LEAF argues that the ALJ committed a legal error by failing to consider the disposal capacity of the Medical Center of Central Georgia ("MCCG"), located in Bibb County, in determining whether a need for EWR's proposed facility exists. The ALJ stated at the hearing that Reheis correctly excluded MCCG's capacity in determining need because the Bibb County Code does not allow waste generated in other counties to be disposed of in Bibb without a special permit. Because out-of-county waste generators are not assured use of the Bibb County facility, the ALJ's exclusion of the facility as not readily available is reasonable. LEAF argues that the facility should have been considered because Bibb County's ordinance conflicts with and is preempted by the Act. The preemption argument was not raised or ruled upon in the administrative proceeding and therefore the superior court's ruling thereon need not be reviewed on appeal. See Ga. Pub. Svc. Comm. v. Southern Bell, 254 Ga. 244
, 247 (327 SE2d 726
) (1985). In any event, the Act specifically authorizes local governments to impose further restrictions on the handling of waste provided they do not conflict with the Act. OCGA 12-8-30.9
(1). We do not believe that Bibb's requirement that those seeking to import waste first receive a permit conflicts with the Act. "The interpretation of a statute by an administrative agency which has the duty of enforcing or administering it is to be given great weight and deference. [Cits.]" Hosp. Auth. of Gwinnett County v. State Health &c. Agency, 211 Ga. App. 407
, 408 (2) (438 SE2d 912
) (1993); Kelly v. Lloyd's of London, 255 Ga. 291
, 293 (336 SE2d 772
) (1985). We find the agency's interpretation of the statute regarding need to be reasonable and legally correct. The superior court erred in failing to give the agency's interpretation the deference to which it is entitled.

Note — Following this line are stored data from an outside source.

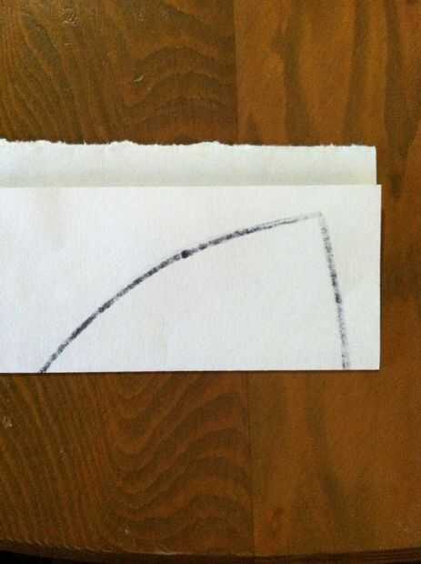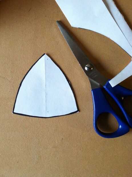 si se mide desde cada borde del triángulo, deben todos ser el mismo. ahora es el momento para ajustar si es necesario. He utilizado un rotulador asi que mostraría a través del papel. Doblé por la mitad, utilizando la mejor curva como guía. entonces yo cortar el patrón.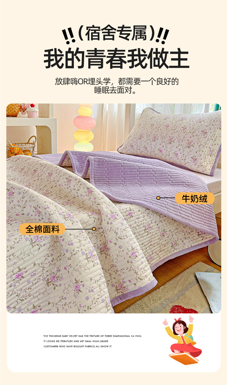 当前位置: 91家纺网 > 商品网购 > 床垫/床褥 > 普通床垫 > 恒尚居 2025新款纯棉牛奶绒学生床垫 双面两用夹棉床单床垫-秋冬款四季通用-系列一 【熏衣紫】A纯棉-B牛奶绒
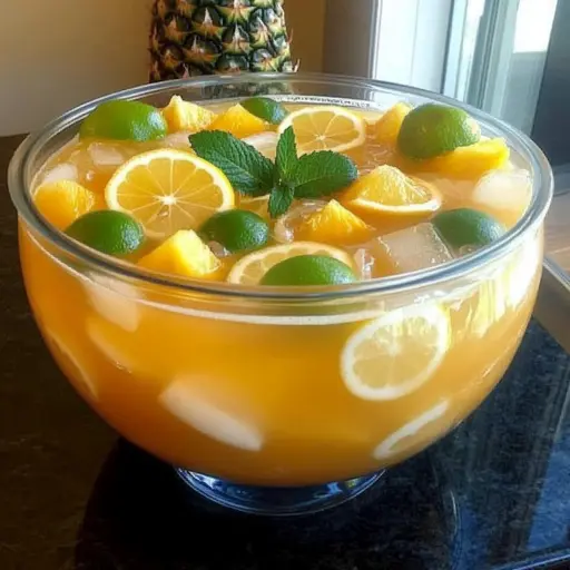 Description: This Pineapple Lemonade Punch is a refreshing and vibrant beverage perfect for parties, picnics, or any occasion where you need a crowd-pleasing drink. Combining the tangy zest of lemonade with the tropical sweetness of pineapple and the fizzy kick of Sprite, this punch is incredibly easy to make and wonderfully delicious. It’s a delightful blend of flavors that will have everyone coming back for more.
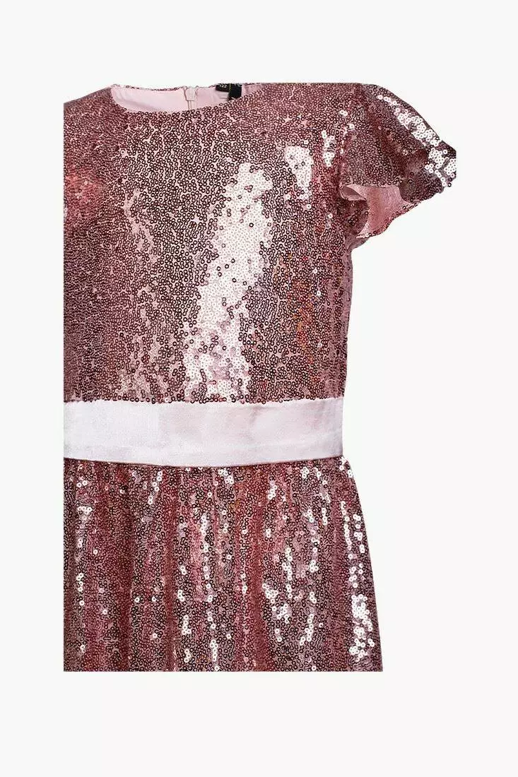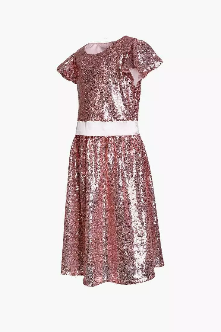 Пудрове плаття з паєтками і атласним поясом. Ніяких зайвих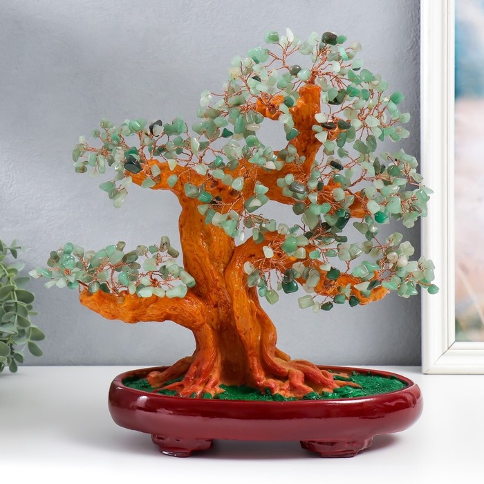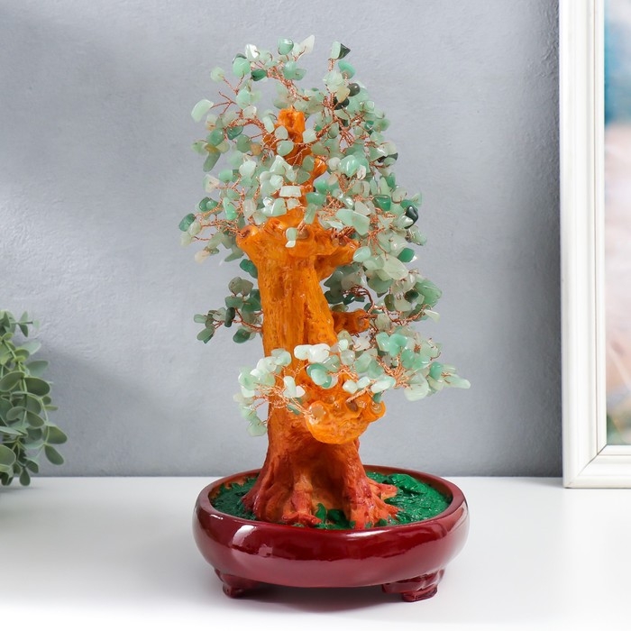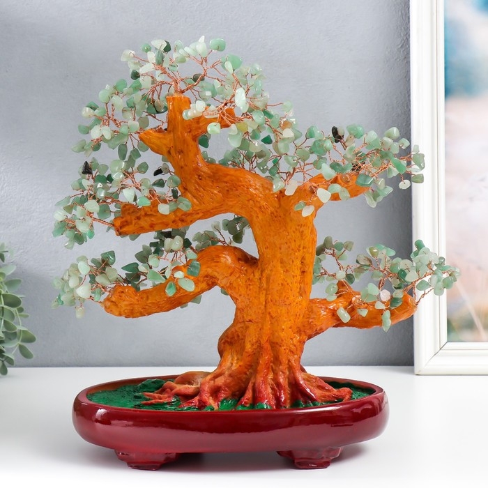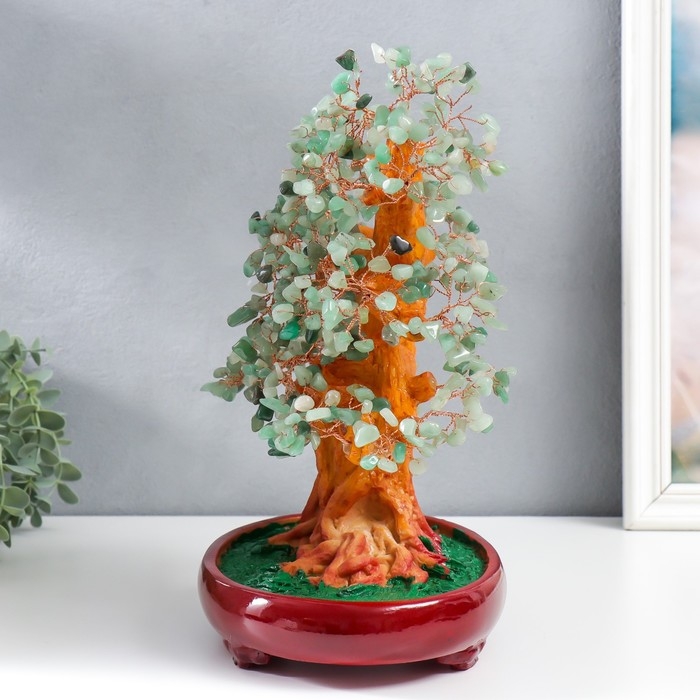 Сувенир бонсай "Денежное дерево с зелёными камушками" 450 камней 32х17х27 см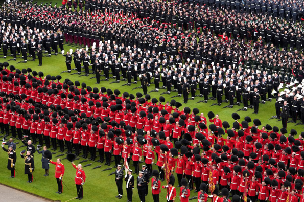 But at the end of the coronation, seven thousand of the troops who had taken part marched into the grounds of Buckingham Palace and formed up in long ranks on the grass; not easy marching in time on grass. Rifles were laid on the ground, headgear was removed and as the new King and Queen arrived at the rear of the building, the Sergeant Major in charge of the parade gave the order:

3. The agency's determination regarding the planning requirements should not have been disturbed. The statute at issue provides: "Prior to the issuance of any permit for a solid waste handling facility or the granting of any major modification of an existing solid waste handling permit, the director shall require written verification to be furnished by the applicant that . . . the host jurisdiction and all jurisdictions generating solid waste destined for the applicants' facility can demonstrate that they are part of an approved solid waste plan developed in accordance with standards promulgated pursuant to this part and are actively involved in and have a strategy for meeting the state-wide goal of waste reduction by July 1, 1996." (Emphasis supplied.) OCGA 12-8-24
(g). The director of the EPD and the ALJ interpreted this provision as requiring documentation of compliance with state-wide plans for waste reduction from participating jurisdictions before a permit may be issued. Contrary to LEAF's argument, there is nothing in the statute suggesting that the documentation requirement is continuing or that any permit issued would be conditioned upon a continuing obligation to submit planning verification. The agency s interpretation appears to be consistent with the plain meaning of the statute. Because the director is charged with primary responsibility for the state's solid waste management program, his interpretation of the Act, like the ALJ's, is entitled to great weight and deference. See Butts County v. Pine Ridge Recycling, 213 Ga. App. 510
, 512 (1) (445 SE2d 294
) (1994); Hosp. Auth. of Gwinnett County, supra. The superior court failed to give proper weight and deference to the director's and the ALJ's interpretation of the planning requirements. We find that the record supports the agency's final decision. See Sawyer, supra at 729 (1); see Colquitt EMC v. City of Moultrie, 197 Ga. App. 794
, 797 (399 SE2d 497
) (1990). Therefore, the judgment of the superior court is reversed and the decision of the ALJ affirming the issuance of the permit is reinstated.
Andrew J. Smith, David Ludder, for Legal Environmental Assistance Foundation.